Hickey ruled that the plaintiff's complaint, which alleges misleading advertising, contained statements that were specific enough to avoid removal to federal court under the Class Action Fairness Act (CAFA).

She wrote that, "[R]emoval is defeated by adding to the complaint a binding stipulation promising not to seek greater damages than the jurisdictional minimum."

Named plaintiff Joe Neal Oliver, individually and as class representative on behalf of similarly situated persons, filed the class action against Mona Vie Inc. and Mona Vie L.L.C. on Dec. 16, 2010 in Miller County Circuit Court.
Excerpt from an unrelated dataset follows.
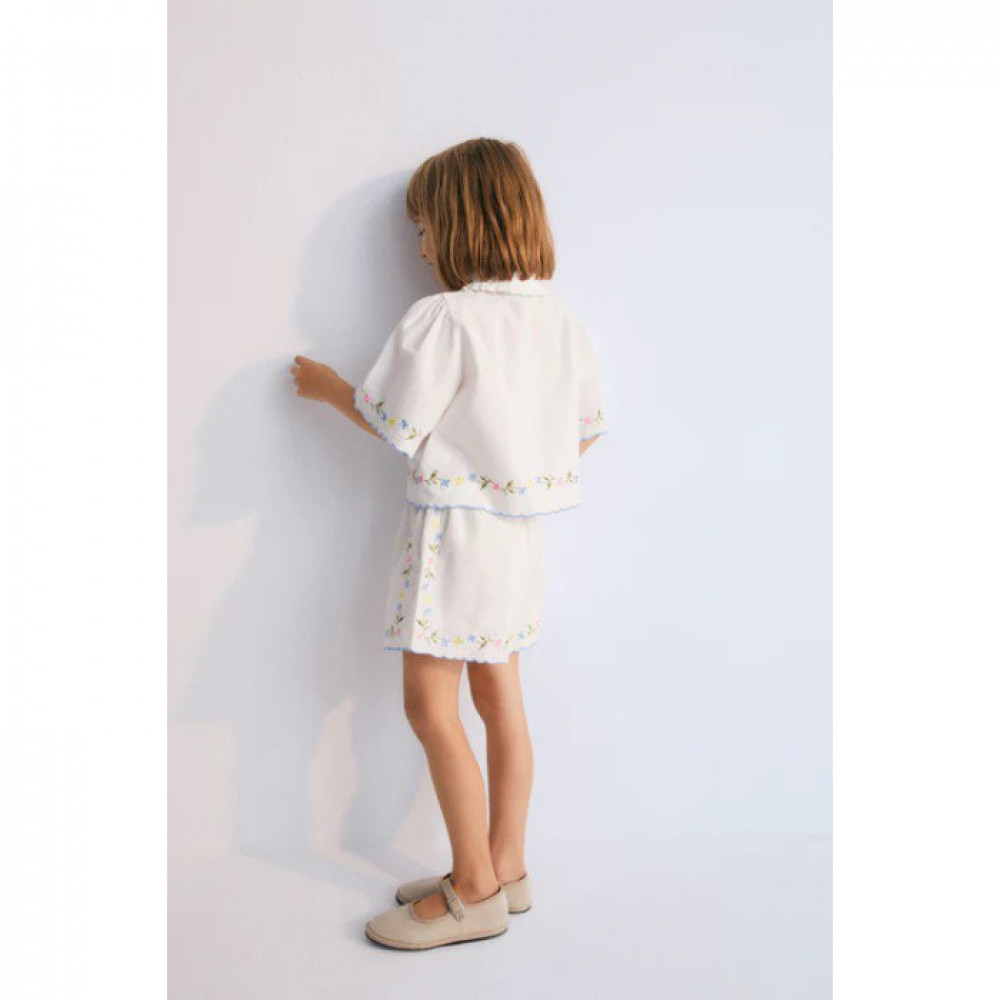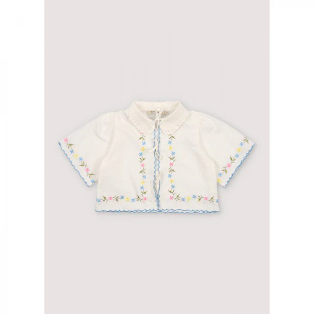 Блуза Hermione — це вічний бестселер, виготовлений із 100% білої бавовняної тканини, що забезпечує елегантність і комфорт. Блуза має ніжну квіткову вишивку, натхненну вінтажною тканинною серветкою, яку дизайнер знайшов у Rastro в Мадриді. Його розроблено з класичним сорочковим коміром, центральним отвором із бантовими деталями та тонкими акцентами вишивки синього кольору для вишуканої обробки. Ідеальна як для повсякденних, так і для особливих випадків, блуза Hermione легко поєднує в собі історію, майстерність і стиль.

In the complaint, the plaintiff stated that he was seeking less than $75,000 per class member and less than $5 million in total damages.

Oliver and the proposed class are represented by John C. Goodson and Matt Kiel of Kiel & Goodson in Texarkana and Michael B. Angelovich, Brad E. Seidel and Christopher Johnson of Nix, Patterson & Roach in Austin, Texas.

Mona Vie removed the case to the Western District of Arkansas, Texarkana Division on Dec. 16, 2011, arguing that diversity of jurisdiction existed and citing provisions of CAFA - namely that if the damages sought by plaintiffs exceed $5 million in total, then federal court is the appropriate jurisdiction.

The company's attorney, Darby Doan of Haltom & Doan in Texarkana, argued that case law requires the plaintiff to make the stipulations separate from the complaint, not within it.

Doan argued that plaintiffs were attempting to "game the system" by refusing to admit that damages will be lower than the federal court threshold.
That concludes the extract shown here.